**Work instruction**
With pictures left out, please repeat word for word the lines from the one containing "A set of three" through the end of the records.

**Source data**
┌────────
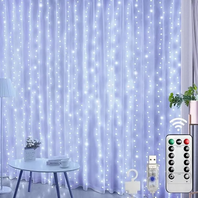 Com 300 luzes LED de branco frio, essa cortina cria uma atmosfera acolhedora e elegante — ideal pra janelas, varandas, paredes ou eventos como Natal, casamentos, festas e churrascos.
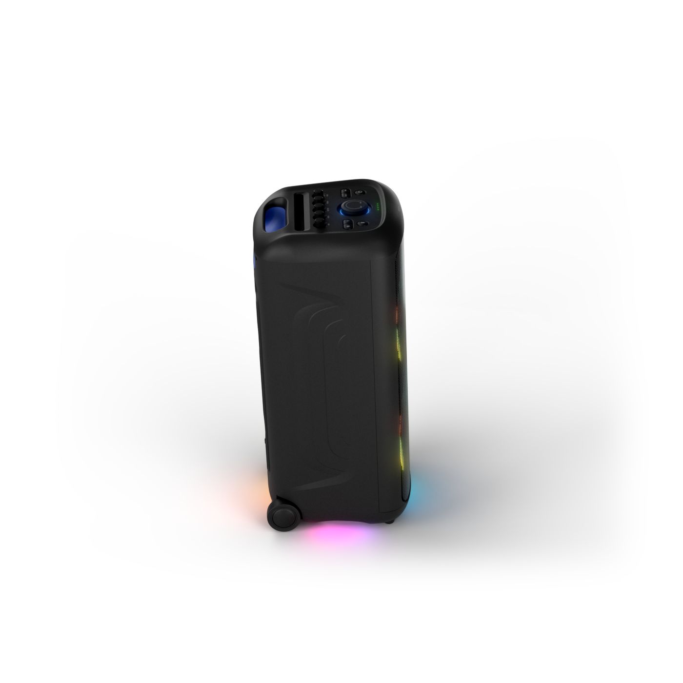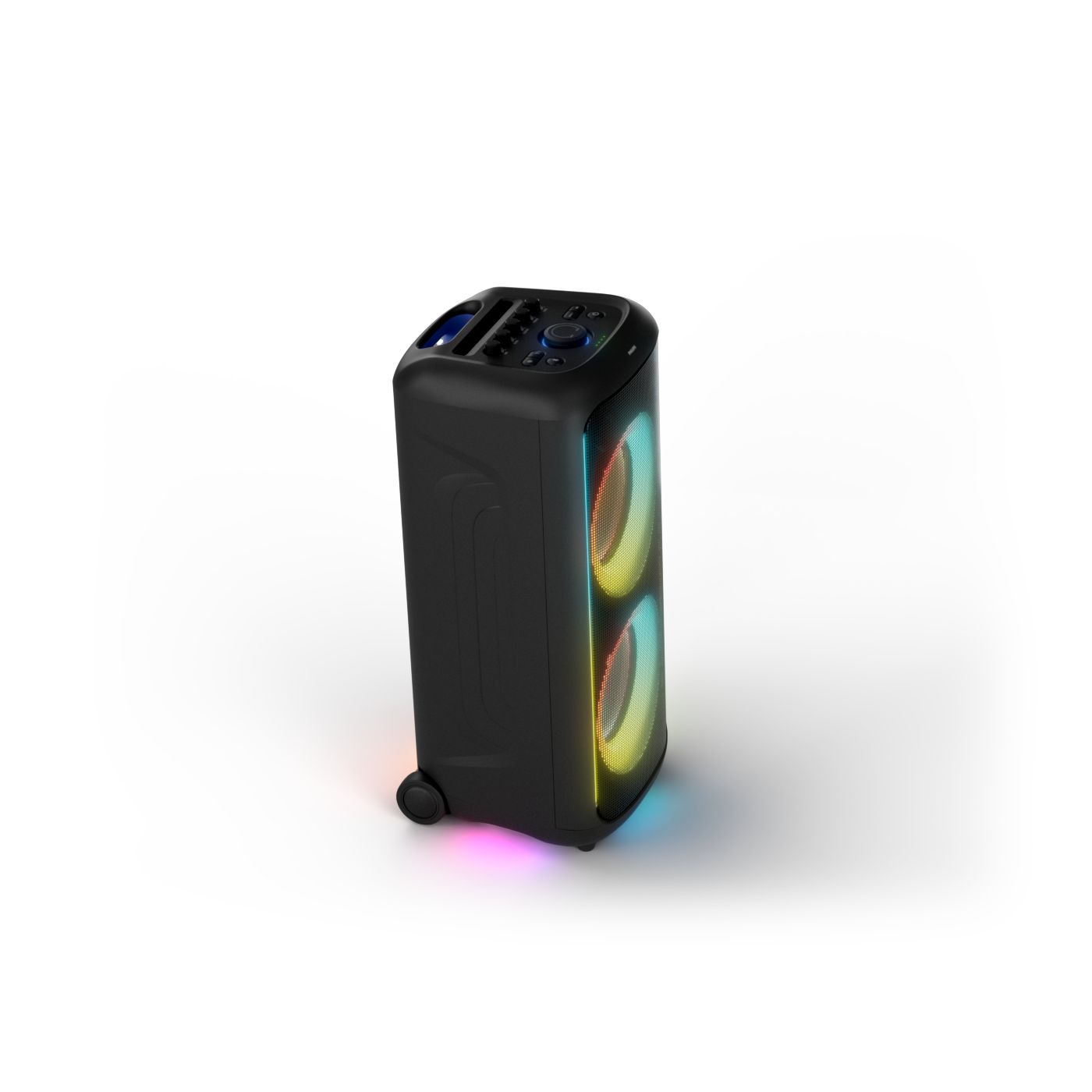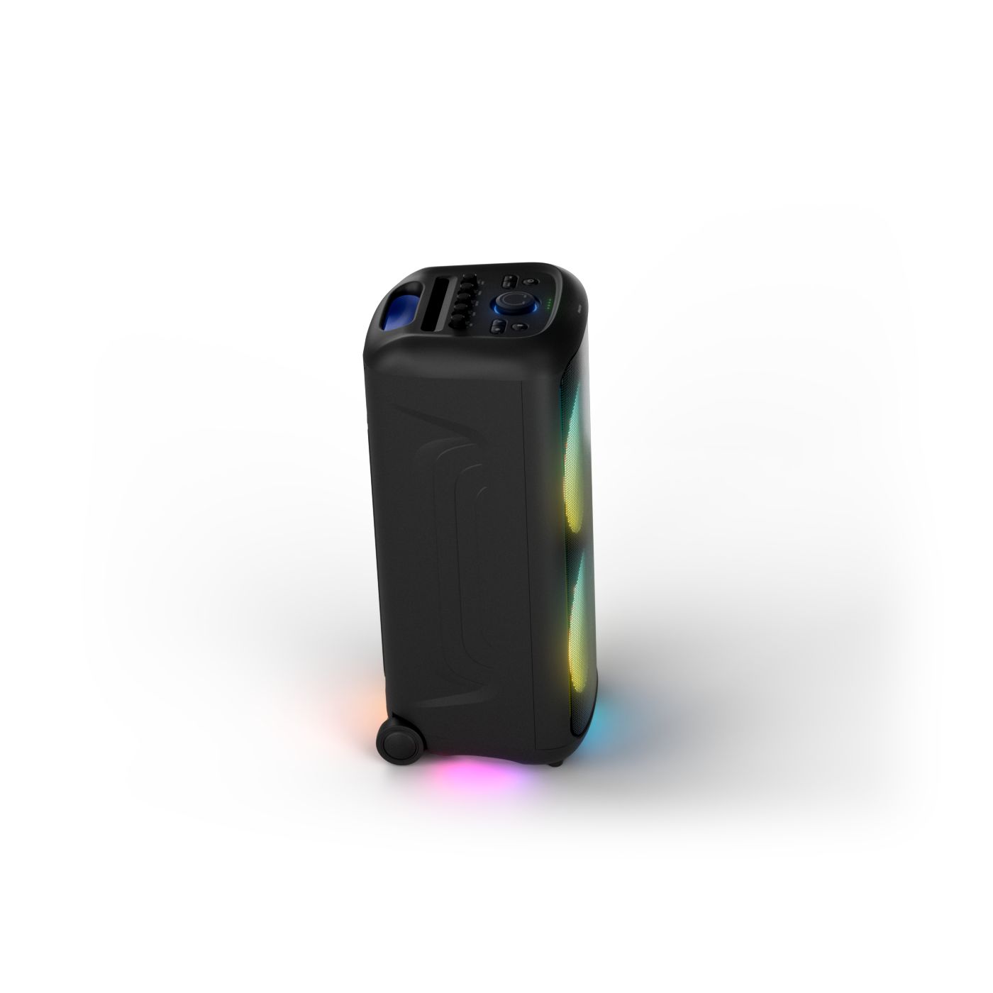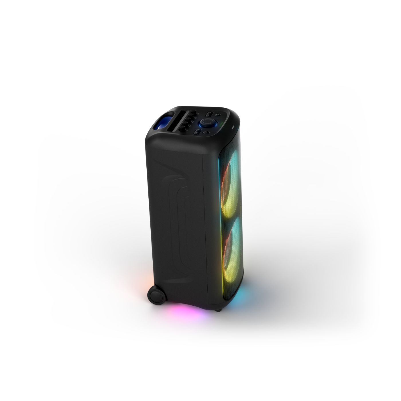 osvětlení má mnoho režimů. Svítí I Dole Vše se dá vypnout.+Nastavení dvou mikrofonu a kytary.A ještě zvlášť extra pro basy. (Extra bass). Velké plus je i vyměnitelná baterie. Kolečka kvalitní pevné. Bluetooth po celém bytě bez problémů. Zvuk v této cenovce bez konkurenční. 2 x 20 cm repro jde opravdu znát ( JBL120 165cm). Zvuk krásný čistý jak výšky tak basy. Do 80% volume naprosto čistý. Basy se dají i přidat extra tlačítkem Reproduktor hraje hutněji a (200watt ) než JBL p box120 za 7000. Silnější výkon a větší reproduktory jdou znát. V této cenové kategorii nejlepší. Philips je přece jen značka s dlouholetou tradicí. Stereo. veškerá elektronika vždy kvalitní. Sám mám stereo 2x50 watt Philips už 10let bez problémů. Po JBL party box 120 je tento Philips nejlepší volba. Zkoušel jsem LG v této cenové kategorii.do 5000 LG X-boom XL 5s srovnatelné zvukově ale horší osvětlení led, baterie nejde vyměnit, stará verze Bluetooth. Celkově jde znát že je LG už 4 roky
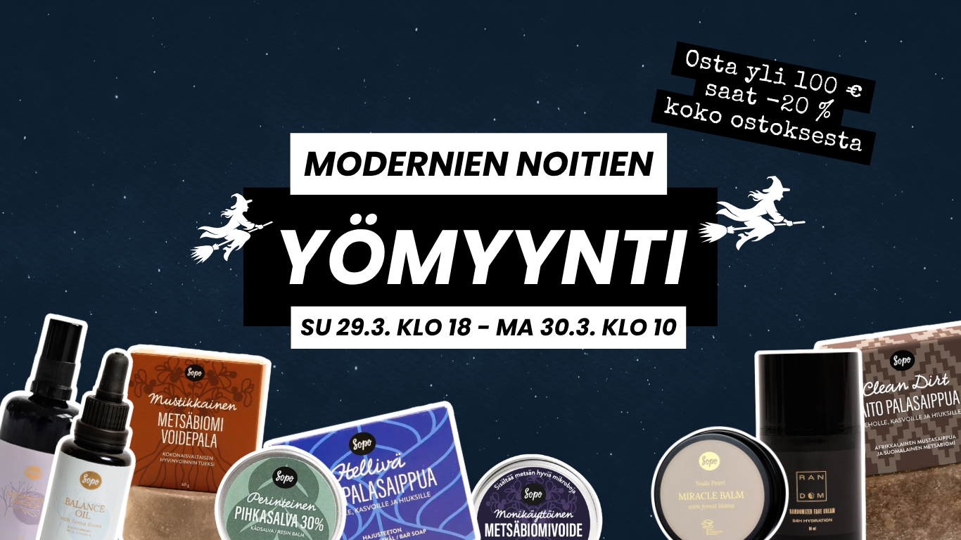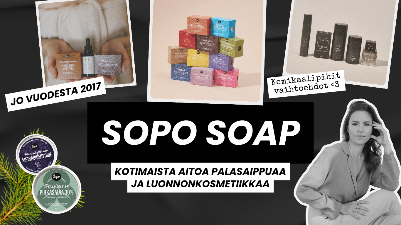 Sopon tarina alkoi tarpeesta saada aitoa palasaippuaa ilman turhia lisäaineita. Siitä se ajatus sitten lähti... Maria ja Reino Nordinin perheyritys Sopo valmistaa aitoa kotimaista palasaippuaa ja luonnonkosmetiikkaa vain luonnon omia raaka-aineita hyödyntäen.
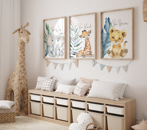 A set of three Safari baby anima wall prints featuring our beautiful Safari Baby's set  in Indigo Blue tropical leaves. Perfect addition to the nursery or bedroom.
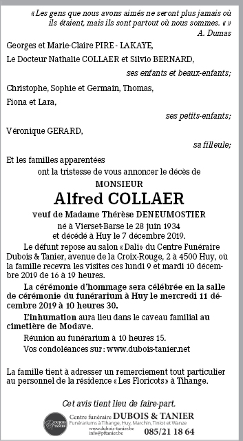 Overleden te Huy (4500) op zaterdag 7 december 2019 op 85-jarige leeftijd
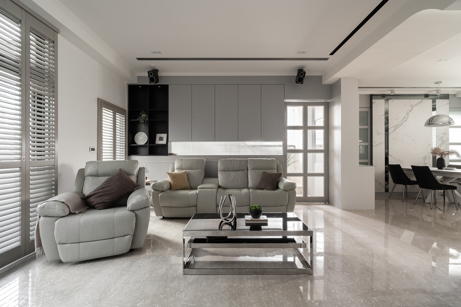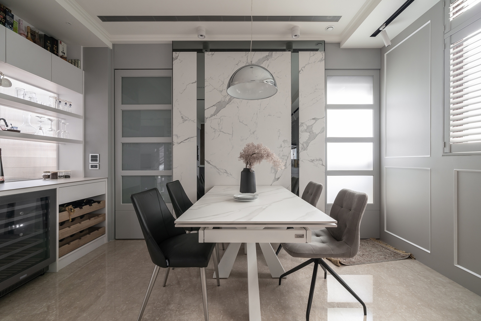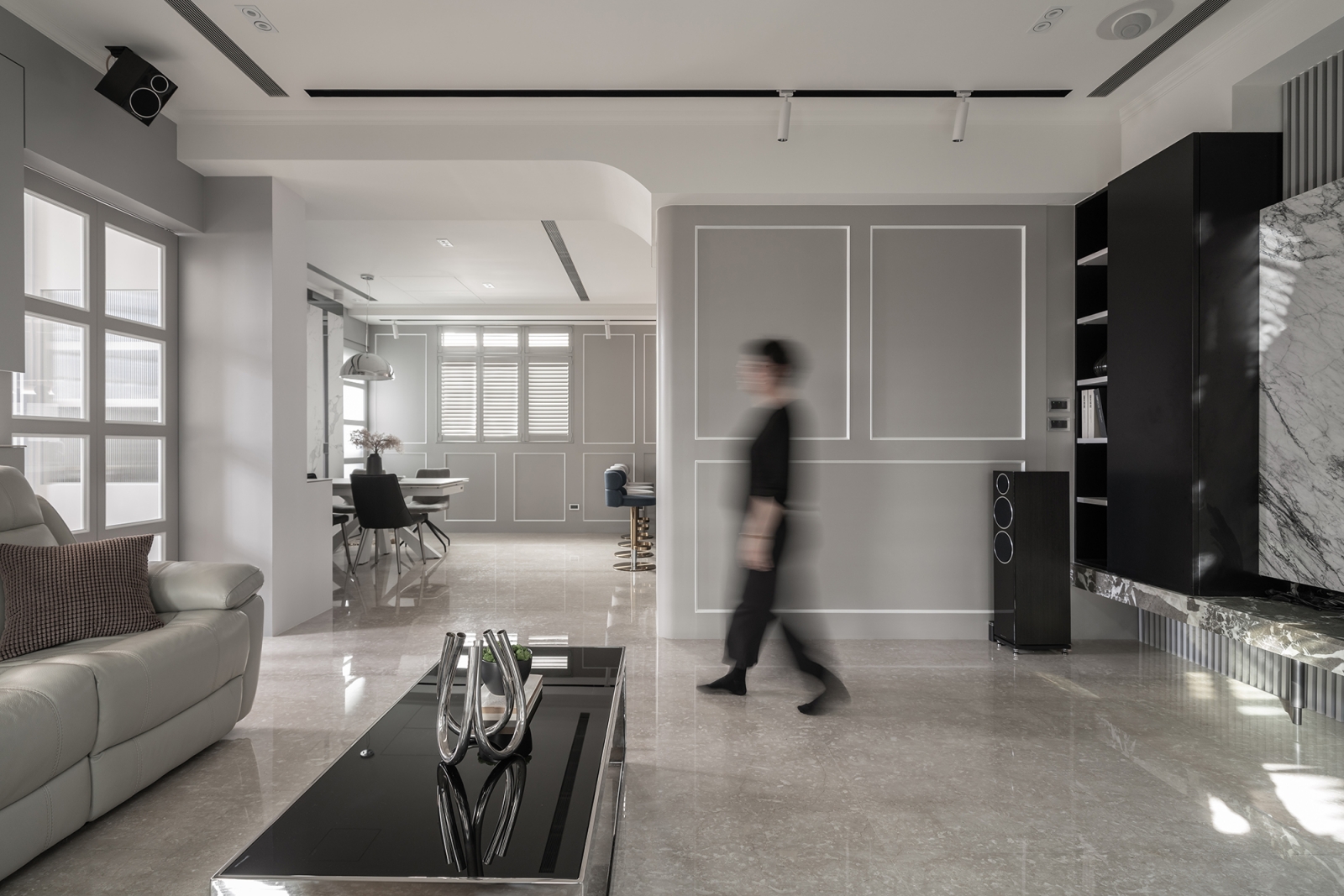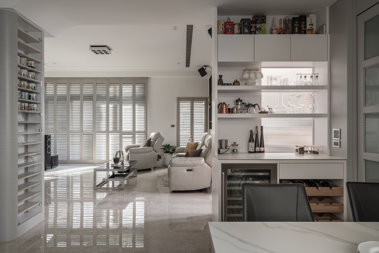 此次規劃以保留局部既有櫃體和「加一」的設計形式,延續老屋價值並融入現代生活所需,同時降低資源浪費、實現永續。另外,空間佈局強調自然採光與通風效率,如採用開放式設計、透光材料及增設百頁窗等,可減少人工照明與空調的使用,達到節能減碳的效果。
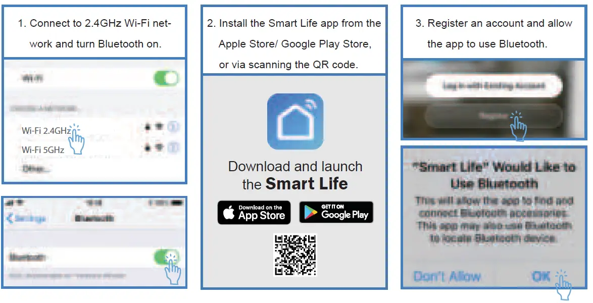2. Install the Smart Life app from the Apple Store/ Google Play Store, or via scanning the QR code.
└────────
**Exercise response**
 A set of three Safari baby anima wall prints featuring our beautiful Safari Baby's set  in Indigo Blue tropical leaves. Perfect addition to the nursery or bedroom.
 Overleden te Huy (4500) op zaterdag 7 december 2019 op 85-jarige leeftijd
 此次規劃以保留局部既有櫃體和「加一」的設計形式,延續老屋價值並融入現代生活所需,同時降低資源浪費、實現永續。另外,空間佈局強調自然採光與通風效率,如採用開放式設計、透光材料及增設百頁窗等,可減少人工照明與空調的使用,達到節能減碳的效果。
2. Install the Smart Life app from the Apple Store/ Google Play Store, or via scanning the QR code.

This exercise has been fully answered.